> **What you are asked to do**: Output every entry below word for word, minus the images.

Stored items
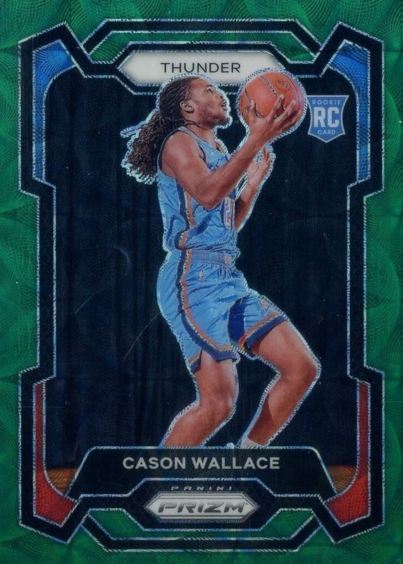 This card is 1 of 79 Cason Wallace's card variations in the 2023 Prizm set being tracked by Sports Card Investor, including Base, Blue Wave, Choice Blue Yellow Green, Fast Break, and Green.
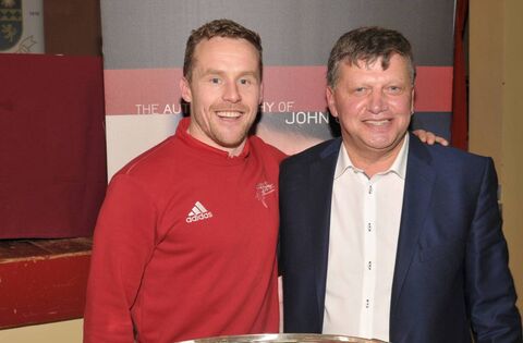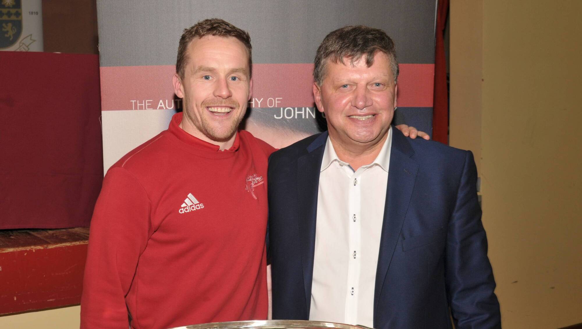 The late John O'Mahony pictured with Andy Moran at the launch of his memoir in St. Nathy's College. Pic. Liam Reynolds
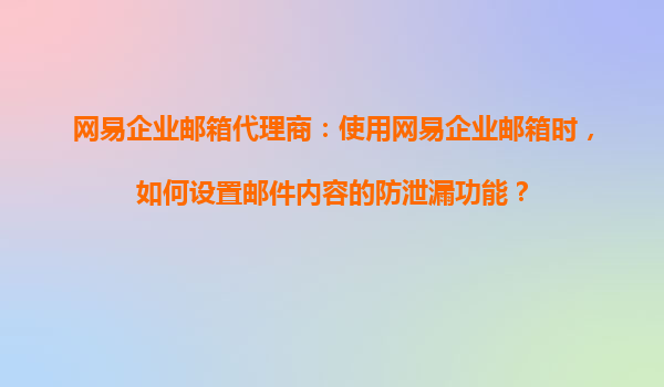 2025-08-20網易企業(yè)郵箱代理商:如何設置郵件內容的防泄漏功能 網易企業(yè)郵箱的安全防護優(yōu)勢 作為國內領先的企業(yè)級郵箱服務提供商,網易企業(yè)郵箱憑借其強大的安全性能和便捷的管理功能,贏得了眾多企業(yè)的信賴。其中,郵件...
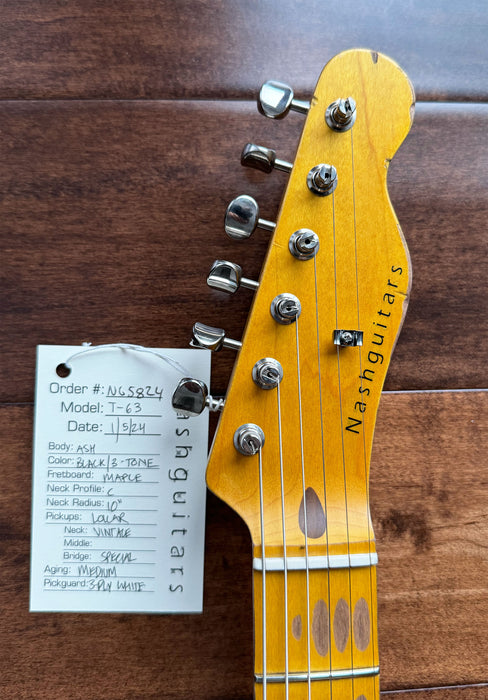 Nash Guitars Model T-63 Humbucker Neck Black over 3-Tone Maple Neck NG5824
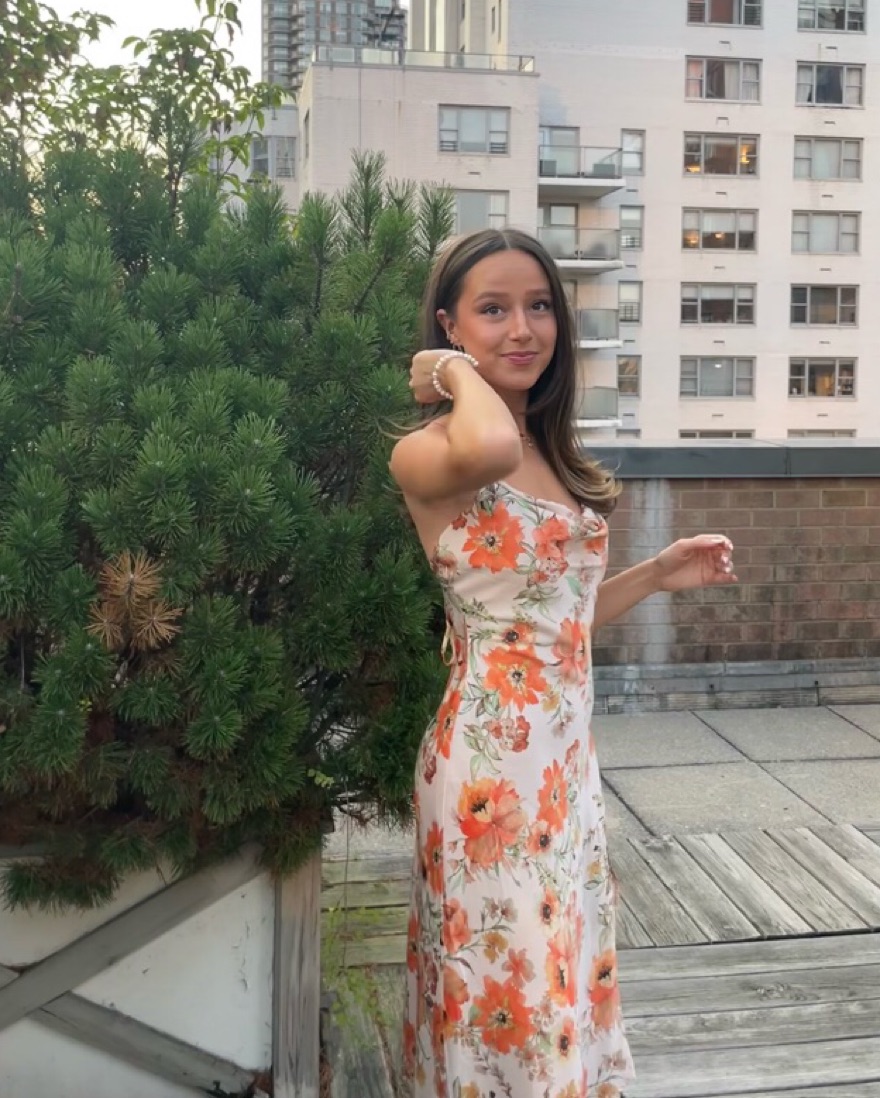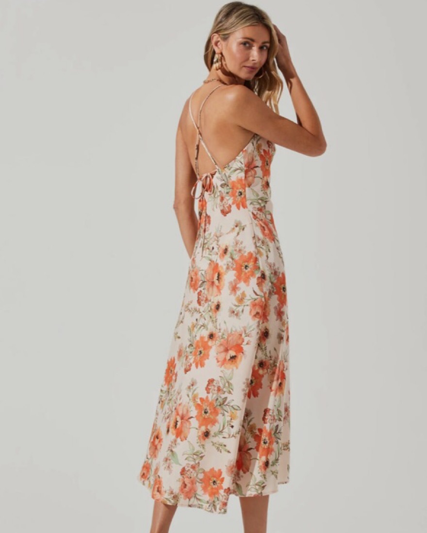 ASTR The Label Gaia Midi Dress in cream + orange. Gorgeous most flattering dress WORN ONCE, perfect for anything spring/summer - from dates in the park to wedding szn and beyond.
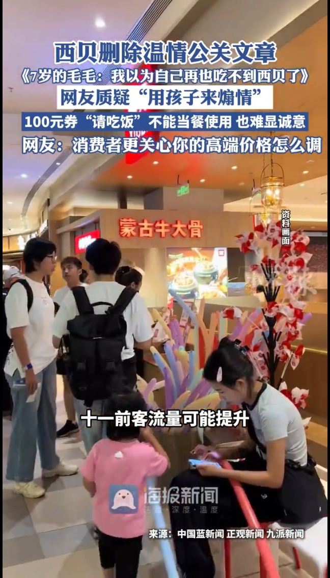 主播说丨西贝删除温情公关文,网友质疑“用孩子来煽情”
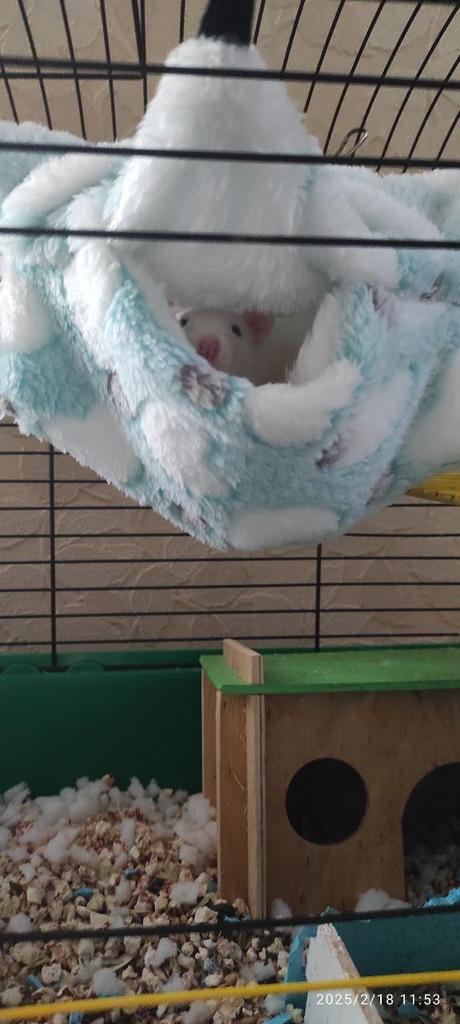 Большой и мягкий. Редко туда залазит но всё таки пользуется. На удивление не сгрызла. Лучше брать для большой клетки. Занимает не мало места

> **Answer**:
 This card is 1 of 79 Cason Wallace's card variations in the 2023 Prizm set being tracked by Sports Card Investor, including Base, Blue Wave, Choice Blue Yellow Green, Fast Break, and Green.
 The late John O'Mahony pictured with Andy Moran at the launch of his memoir in St. Nathy's College. Pic. Liam Reynolds
 2025-08-20網易企業(yè)郵箱代理商:如何設置郵件內容的防泄漏功能 網易企業(yè)郵箱的安全防護優(yōu)勢 作為國內領先的企業(yè)級郵箱服務提供商,網易企業(yè)郵箱憑借其強大的安全性能和便捷的管理功能,贏得了眾多企業(yè)的信賴。其中,郵件...
 Nash Guitars Model T-63 Humbucker Neck Black over 3-Tone Maple Neck NG5824
 ASTR The Label Gaia Midi Dress in cream + orange. Gorgeous most flattering dress WORN ONCE, perfect for anything spring/summer - from dates in the park to wedding szn and beyond.
 主播说丨西贝删除温情公关文,网友质疑“用孩子来煽情”
 Большой и мягкий. Редко туда залазит но всё таки пользуется. На удивление не сгрызла. Лучше брать для большой клетки. Занимает не мало места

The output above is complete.